Nuha said her grandmother had told her about three young men who'd approached her and how they'd pelted her with stones. She'd told them she was so-and-so, the daughter of so-and-so and that this was her house, so they pelted her with stones.

“‘I told them I was staying.'

“‘I told them this was my house, why did you destroy my house?'

“‘I told them they were stupid because they'd cut down so many olive trees.'

“‘I told them these were Roman olive trees. How could anyone dare cut down Christ's olive trees? These were Father Jebran's olive trees.'

“‘I told them lots of things.'

“She said she told them she didn't care – ‘You took the land – take it. You took the fields and the olives and everything else – take them. But I want to live here. I'll put up a tent and live here. It's better than the camp. The air is clean here.
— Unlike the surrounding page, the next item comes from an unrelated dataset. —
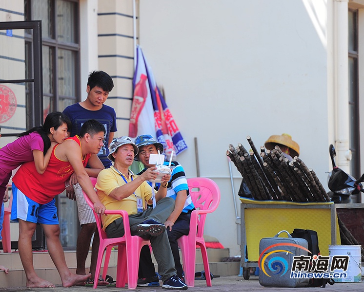 10月21日,三亚市海棠区江林村村民在观看摄影师用无人机航拍。南海网记者沙晓峰摄

Take everything and leave me the air.'

“The three young men backed away and started throwing stones at her.

“‘They were afraid,' she said.

“The stones started raining down on her and piled up around her and she became a bundle of wounds.

“She said they spoke Arabic to her. They spoke like the Yemeni headman she'd met in '47 when she wandered into the Jewish settlement near Tiberias by mistake.

“‘At first they came over to me and seemed kind. They weren't aggressive. But when I told them I was so-and-so, daughter of so-and-so, they began inching away. They drew back one step for every one of my words. Then suddenly they all bent over as if they'd received some kind of signal and the stones started raining down.'

“The old woman sat under the olive tree and my mother went to get a
rag and a flask of water so she could clean her wounds. At the same time the Stone was telling them about Kafar Yasif and the house Sa'ad's son had found and the job in his workshop. He said, ‘We're here now and we can't go back to Lebanon.' He said, ‘We'll live in Kafar Yasif, then we'll see.' He talked and talked and talked; the old woman sat on the ground looking into the distance. She didn't tell them what had happened to her. She didn't say she'd tried to talk to the Yemenis. She didn't say she'd talked about a tent she was going to put up in the ruins of al-Birwa. She was like a tree with its branches broken. Suddenly she got up, picked up two-year-old Nuha, and set off in the direction of Lebanon.”

Nuha's mother said she'd caught up with her mother-in-law. “I took your brother by the hand and we started running after her. The Stone stood like a stone. And we found ourselves in the camp.”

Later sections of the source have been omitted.